Gereja Diminta Beri Perhatian Serius Pornografi Anak
KUPANG, SATUHARAPAN.COM - Gereja dan pemerintah perlu memberikan perhatian serius kepada masalah pornografi, terutama dalam pelayanan terbaik bagi anak. Hingga saat ini Indonesia masuk kategori darurat pornografi untuk anak. Bahkan, Indonesia masuk urutan ketiga yang paling banyak mengakses situs-situs pornografi.
Hal itu disampaikan Ketua Badan Pengurus Nasional Jaringan Peduli Anak Bangsa (JPAB), Haryati Kristianto, dalam Seminar Kajian Teologi Anak Kontekstual dalam rangka Hari Anak Nasional 2016 yang diselenggarakan Jaringan Peduli Anak Bangsa (JPAB) Regional Nusa Tenggara Timur, bekerja sama dengan Yayasan Wahana Visi Indonesia (WVI) di Kupang, Selasa (19/7) petang.

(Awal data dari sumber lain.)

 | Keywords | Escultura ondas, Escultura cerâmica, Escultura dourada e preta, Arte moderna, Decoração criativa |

“Sekarang Indonesia darurat narkoba. Pornografi dan kekerasan seksual anak juga mengancam anak-anak di Indonesia. Selain itu Indonesia juga darurat pornografi. Indonesia urutan ketika paling banyak mengakses pornografi dan itu dilakukan oleh anak-anak kita,” kata Haryati.
Menurut Haryati, gereja perlu mendorong pemerintah untuk melahirkan kebijakan-kebijakan yang mengatasi pornografi anak, maupun kekerasan seksual terhadap anak.

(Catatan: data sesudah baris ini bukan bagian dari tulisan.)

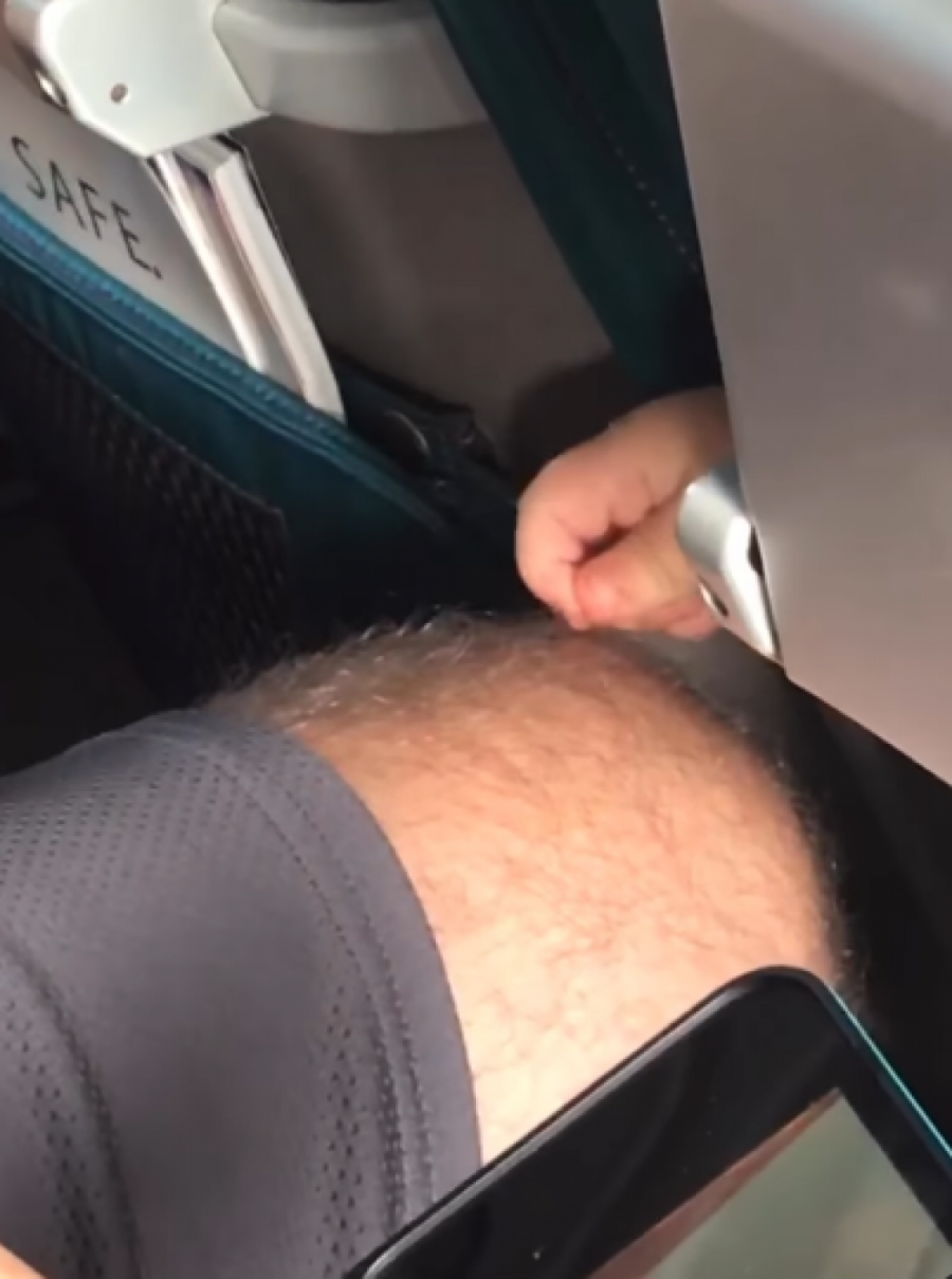 Malena ruka je provirivala sa prednjeg sedišta i mazila noge ovog čoveka. Muškarac je čak u jednom trenutku pružio prst koji je dodirnuo ručicu koja mu je takođe odgovorila nežnim dodirom prsta. Međutim, malena ruka je većinu leta isključivo mazila dlakave noge ovog čoveka. Ili joj je sam taj osećaj bio čudan, dok su se našli komentari da je mališan možda pomislio da je iza njega možda pas.

Gereja juga perlu berupaya menghentikan penyalahgunaan anak dalam politik. Gereja perlu peduli terhadap kekerasan terhadap anak dalam politik.

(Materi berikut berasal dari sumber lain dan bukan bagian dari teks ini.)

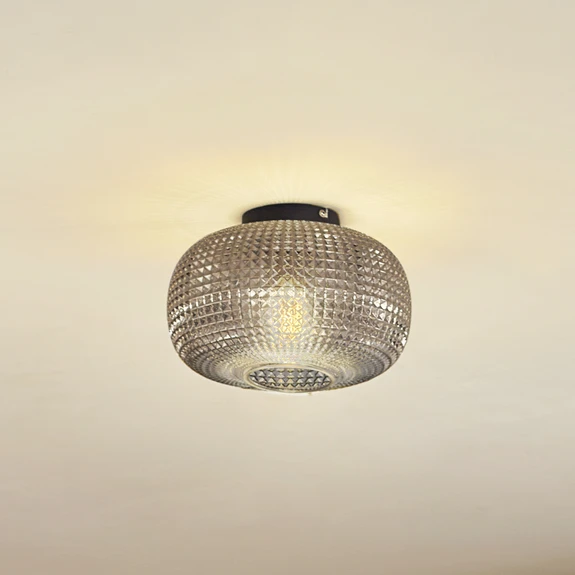 Die Deckenleuchte Hildur vereint in ihrem Design sowohl moderne als auch Vintage-Elemente, was sie zu einem vielseitigen Beleuchtungselement für diverse Wohnräume macht. Das rauchfarbene Glas sorgt für eine sanfte Lichtverteilung, während der schwarze Baldachin einen markanten Kontrast bildet und das Gesamtbild abrundet. Obwohl ein Dimmer bei diesem Modell nicht enthalten ist, lässt sich die Helligkeit durch den Anschluss an einen externen Dimmer nach individuellen Wünschen regulieren, um die gewünschte Ambientebeleuchtung zu erzielen (Bitte beachten Sie, dass der externe Dimmer separat erworben werden muss).

Eksploitasi anak untuk kepentingan politik termasuk kekerasan pada anak. Keprihatinan terbesar juga adalah anak saat ini bukan hanya sebagai korban, tetapi juga pelaku kekerasan.
Atas keprihatinan itu, Haryati mengajak agar gereja meningkatkan pelayanan dan memberikan perhatian yang komperhensif bagi anak dalam seluruh kebijakan pelayanannya.
"Anak adalah manusia yang seutuhnya, bukan setengah atau seperempat manusia. Karena itu pelayanan untuk anak harus diberikan seutuhnya sebagai seorang manusia,” ia menegaskan.
Sementara itu, Ketua Sinode GMIT Pdt Dr Mery Kolimon pada kesempatan tersebut mengatakan di dalam Alkitab secara jelas ditegaskan bahwa anak itu adalah milik pusaka Allah, yang diciptakan sesuai gambar dan rupa Allah sendiri. Karena itu, dalam diri anak terdapat kapasitas Illahi serta Tuhan mempunyai rencana khusus untuk kehidupan setiap anak dan rencana Allah itu adalah rencana damai sejahtera.
Namun, dalam kenyataan, kata Mery, gereja saat ini justru harus bergumul dengan pandangan budaya tentang anak. Bahkan pandangan budaya ikut mempengaruhi sikap gereja terhadap anak.
“Anak di NTT masih dianggap sebagai manusia kelas tiga. Kelas teratas adalah laki-laki dewasa dan di tengahnya adalah perempuan dewasa dan anak berada pada level terendah. Bahkan anak masih ada pembedaan lagi, yakni anak laki-laki dianggap lebih tinggi nilainya dibanding anak perempuan,” ujarnya.
Mery menegaskan tanggung jawab gereja dan juga pemerintah dan masyarakat terhadap anak di NTT saat ini adalah memberikan pelayanan sepenuhnya bagi anak termasuk pengasuhan terhadap anak yang holistik, baik menyangkut hati, pikiran, mental, jiwa, dan tubuh anak. Anak bukan hanya sasaran pelayanan tetapi juga adalah pelaku pelayanan.
Editor : Sotyati
Bebras PENABUR Challenge : Asah Kemampuan Computational Thin...
Jakarta, satuharapan.com, Dunia yang berkembang begitu cepat memiliki tantangan baru bagi generasi m...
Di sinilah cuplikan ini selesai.